══ Data excerpts

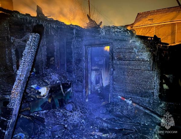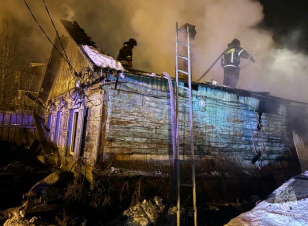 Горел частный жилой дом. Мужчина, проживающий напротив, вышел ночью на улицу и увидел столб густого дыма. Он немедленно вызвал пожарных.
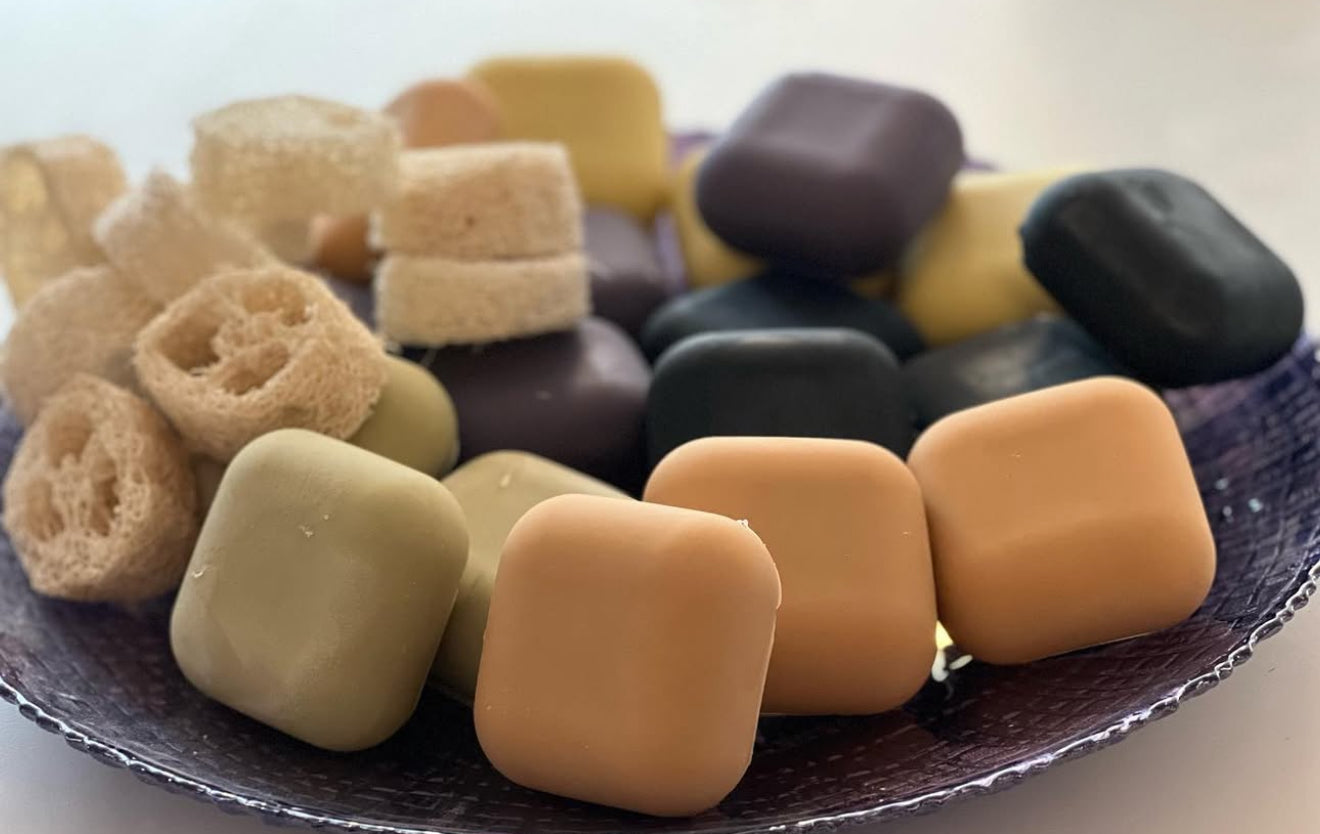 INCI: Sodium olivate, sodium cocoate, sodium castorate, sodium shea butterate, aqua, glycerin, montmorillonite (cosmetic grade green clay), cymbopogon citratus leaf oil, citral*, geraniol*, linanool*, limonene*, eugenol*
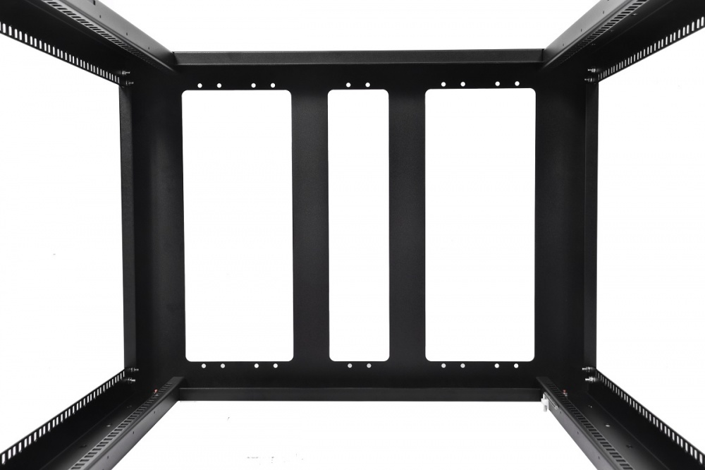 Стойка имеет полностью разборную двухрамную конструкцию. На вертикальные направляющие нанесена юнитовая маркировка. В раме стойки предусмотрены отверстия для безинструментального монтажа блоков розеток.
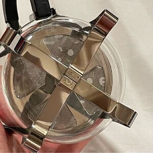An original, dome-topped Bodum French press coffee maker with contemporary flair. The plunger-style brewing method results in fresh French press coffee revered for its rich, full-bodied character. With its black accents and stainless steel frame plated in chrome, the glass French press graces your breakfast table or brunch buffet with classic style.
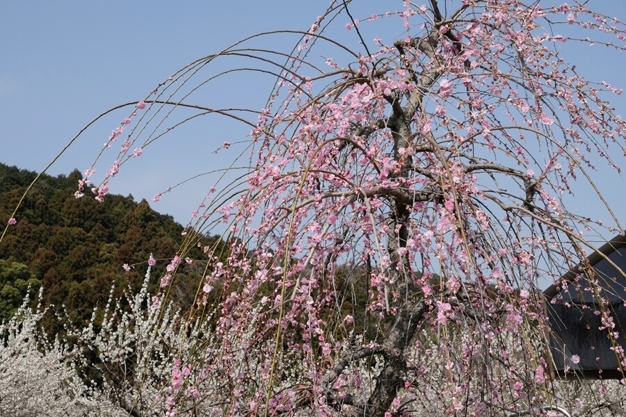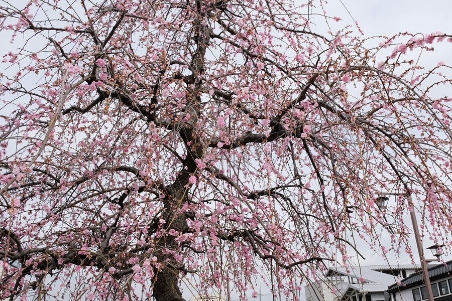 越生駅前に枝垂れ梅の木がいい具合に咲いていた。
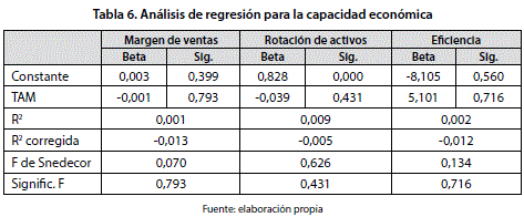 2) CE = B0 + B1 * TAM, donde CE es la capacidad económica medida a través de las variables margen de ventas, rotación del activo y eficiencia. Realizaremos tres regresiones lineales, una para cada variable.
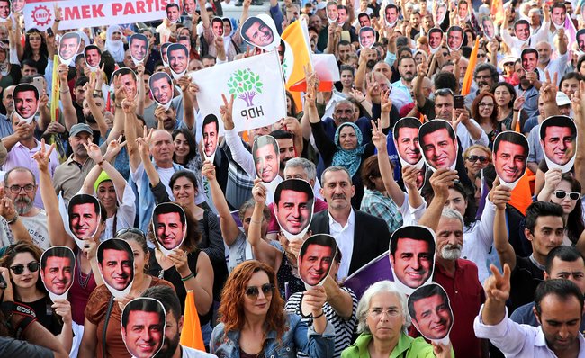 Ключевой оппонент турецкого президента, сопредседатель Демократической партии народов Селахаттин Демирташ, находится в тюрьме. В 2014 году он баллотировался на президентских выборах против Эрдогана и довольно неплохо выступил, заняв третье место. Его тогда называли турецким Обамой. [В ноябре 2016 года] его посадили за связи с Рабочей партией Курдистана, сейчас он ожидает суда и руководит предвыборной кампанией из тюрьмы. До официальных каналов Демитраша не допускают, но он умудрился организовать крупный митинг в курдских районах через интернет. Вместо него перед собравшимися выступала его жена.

════

→ **Instructions to follow**: Please reproduce exactly and only the lines from the first line of the records through the line containing "Стойка имеет полностью", both included, omitting any pictures.

→ **Task output**:
 Горел частный жилой дом. Мужчина, проживающий напротив, вышел ночью на улицу и увидел столб густого дыма. Он немедленно вызвал пожарных.
 INCI: Sodium olivate, sodium cocoate, sodium castorate, sodium shea butterate, aqua, glycerin, montmorillonite (cosmetic grade green clay), cymbopogon citratus leaf oil, citral*, geraniol*, linanool*, limonene*, eugenol*
 Стойка имеет полностью разборную двухрамную конструкцию. На вертикальные направляющие нанесена юнитовая маркировка. В раме стойки предусмотрены отверстия для безинструментального монтажа блоков розеток.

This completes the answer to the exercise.